> ./run-engagement --methodology=walkthrough --lang=plain-english_
A professional penetration test is not someone sitting in a dark room randomly attacking your systems. It's a structured, methodical process with defined phases, clear deliverables, and constant communication. Every step has a purpose, every decision is documented, and the entire engagement follows a methodology refined through thousands of real-world assessments.
But unless you've been through the process before, it can feel opaque. You sign a contract, someone tests your systems for a week, and a report appears. What happens in between? What does the tester actually do all day?
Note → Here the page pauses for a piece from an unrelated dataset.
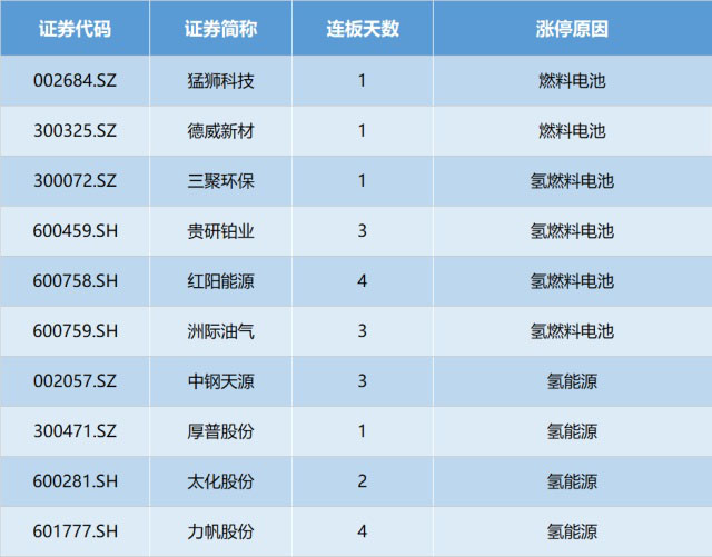 氫燃料電池板塊延續(xù)強(qiáng)勢,再次雄霸漲停榜,成為漲停榜上占比最多的板塊。紅陽能源、力帆股份霸氣四連板,其他個股猛獅科技(002684.SZ)、德威新材(300325.SZ)、三聚環(huán)保(300072.SZ)、貴研鉑業(yè)、洲際油氣、中鋼天源、厚普股份(300471.SZ)、太化股份(600281.SH)紛紛漲停。

How do they decide what to focus on? And how does the process ensure that nothing important gets missed?
This article walks through every phase of a typical engagement in plain English — no jargon, no assumptions, no skipped steps. Whether you're commissioning your first pen test or your fiftieth, this is what the process looks like from the inside.
Our methodology is aligned with the Penetration Testing Execution Standard (PTES) and incorporates elements of OWASP, OSSTMM, and MITRE ATT&CK. The specific phases may vary slightly between providers, but the structure described here is representative of any professional, CREST-accredited engagement.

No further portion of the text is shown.